A lot of people seem to hate this movie because the creature (cruelly named Dren by its creators) performs rather graphic coitus with one of the humans in a later stage of her development, and this is understandable. Of all the sins that should repel us in enlightened society, making love to non-existent, genetically engineered bipeds definitely ranks near the top, certainly on par with or worse than abortion, terrorism, corruption, coercion, and bald-faced lying. Within the context of Splice, I found this part one of the more imaginative and warranted love scenes I’ve come across, yet that’s not mainly why I enjoyed Vincenzo Natali’s film. Even if for nothing else, Splice deserves a spot on this list just for better utilizing computer animation than pretty much any mainstream sci-fi to date; much like Ex Machina, it blends makeup, the actor’s physicality, and strategic CG elements to create a more believable and empathetic character than could be achieved solely through one of those tools. Also clever is the way the priorities and ethics of the two scientists’ unfold over time, the one who seemed more caring and maternal at first being exposed as the more clinical and selfish person all along. Unfortunately, the ending confrontation takes a needlessly icky and exploitative turn, relegating Splice to the unenviable Abyss Society of movies I love until the director just gave up and scrambled to finish the damn thing.

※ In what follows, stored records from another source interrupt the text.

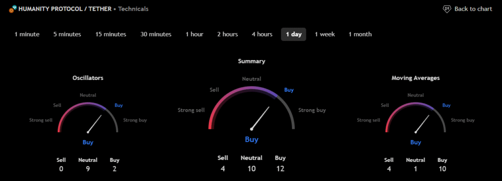 The technical analysis indicators such as Relative Volume (RVOL), Moving Average (MA), and Relative Strength Index (RSI) of Humanity Protocol (H) are shown in the chart below.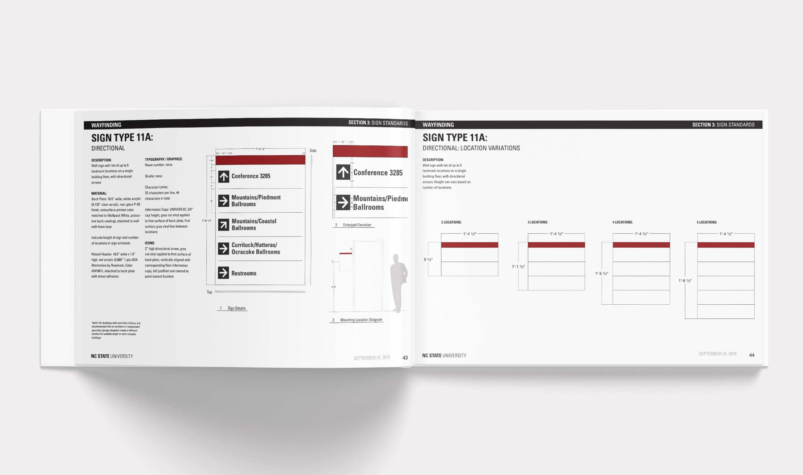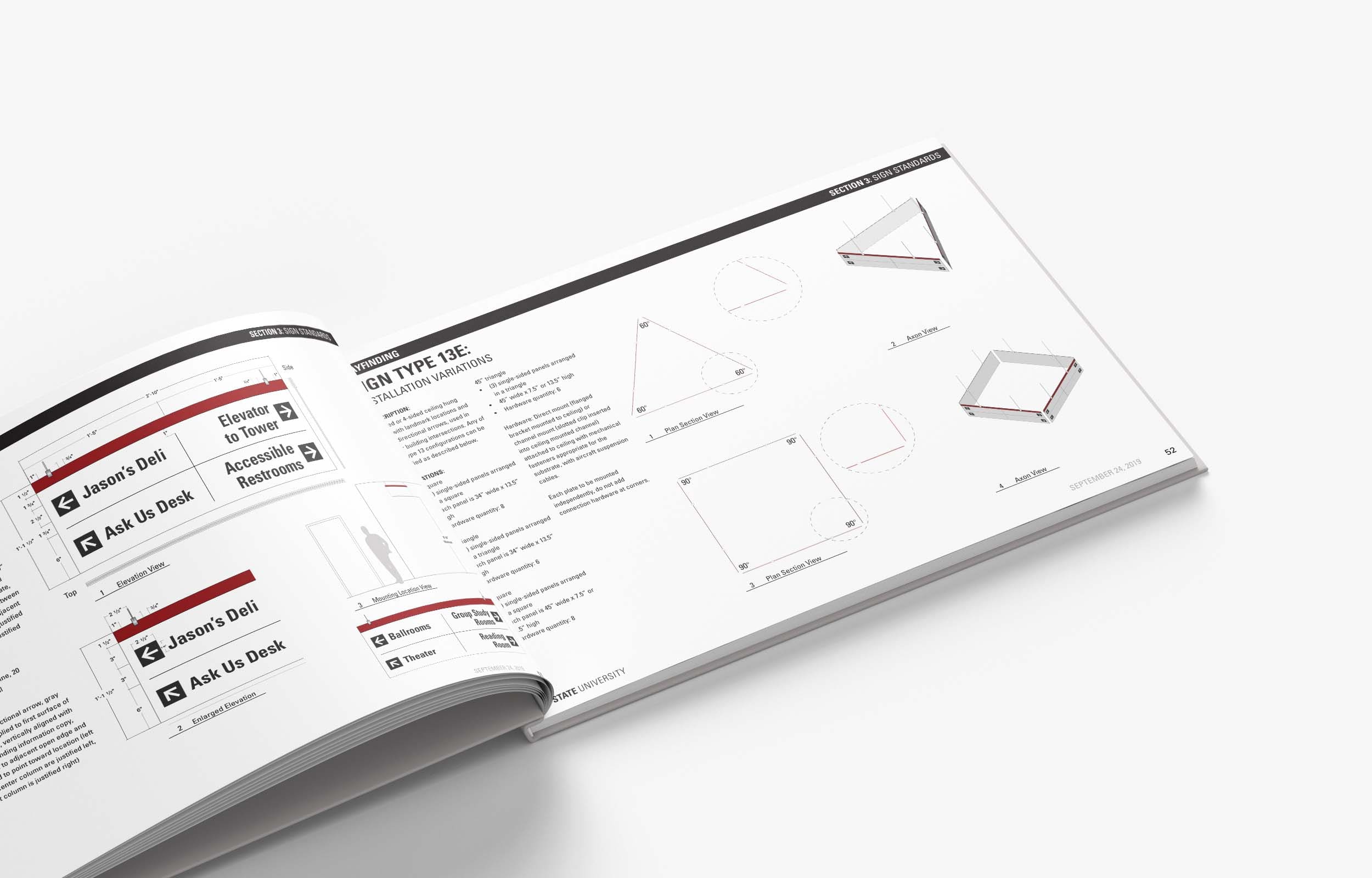 The new signage manual reconciles a campuswide misalignment of standards across campus into a recognizable cohesive graphic system. The fabrication and installation methods outlined streamline previous methods in addition to meeting visual and tactile compliance standards.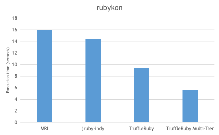多層コンパイルを有効にした TruffleRubyでのone-shotメトリックは、MRI と比較して約 2.75 倍、JRuby と比較して 2.4 倍高速です。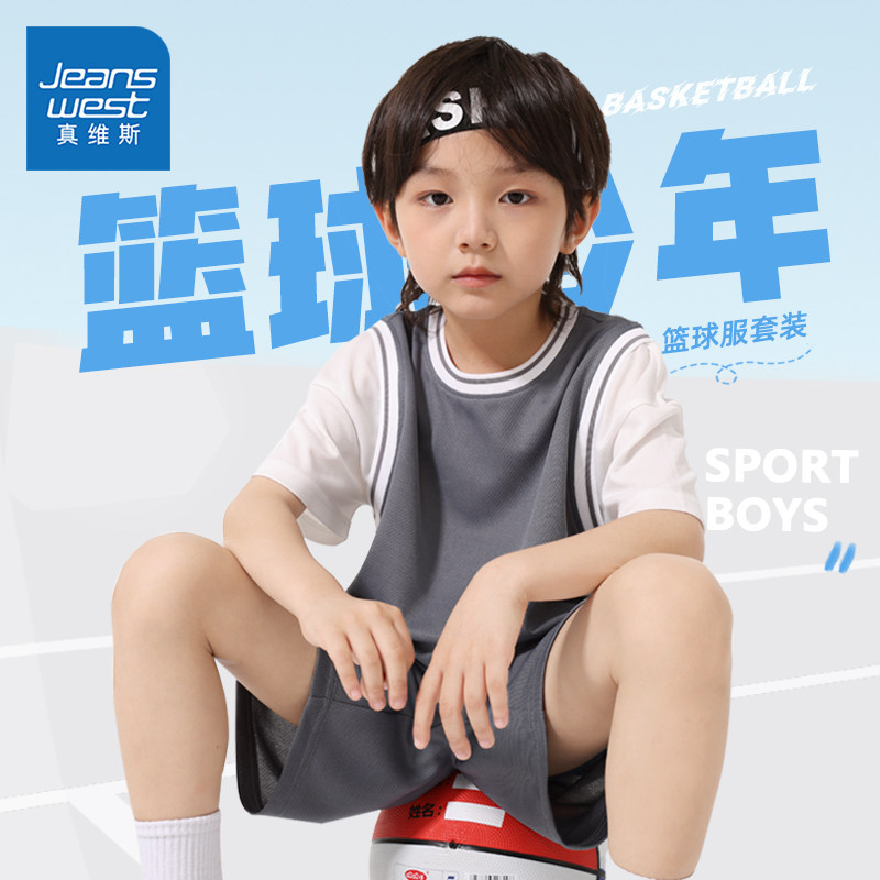 真维斯童装男童篮球服套装儿童夏季红色运动服两件装男大童夏装薄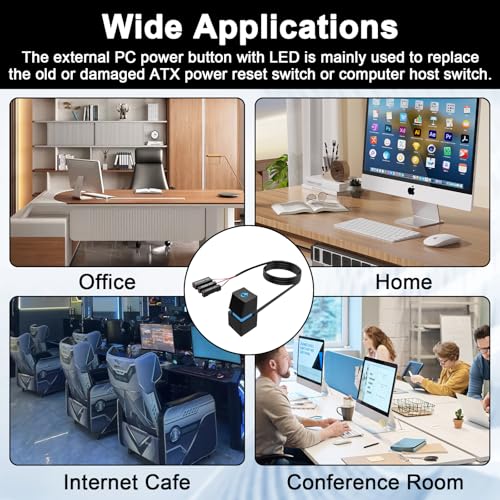 Ampliamente Aplicable: Extensión de botón de encendido de pc es adecuado para su uso en hogares, oficinas, hoteles, cibercafés y otros lugares. El diseño portátil de ordenador placa base power on off le permite llevarlo a donde necesite usarlo.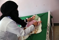 イエメン・サヌアのアル・サビン病院で、診察を受ける1歳のカウラちゃん。生後4カ月の時から治療を受けている。 |

The DVD cover of Spring sells it as a monster movie disguised as a love story. This is false advertising. It’s actually a love story disguised as a monster movie, one that uses wacky rules of immortality, rebirth, and oxytocin-generation to ponder about living out life to the fullest. The cinematography is pretty but indie-movie cheap, which adds to its charm for me, and the dialogue feels natural as in the “Before” movies without being utterly boring. The first 18 minutes are foul and unrepresentative of the movie and you should skip them.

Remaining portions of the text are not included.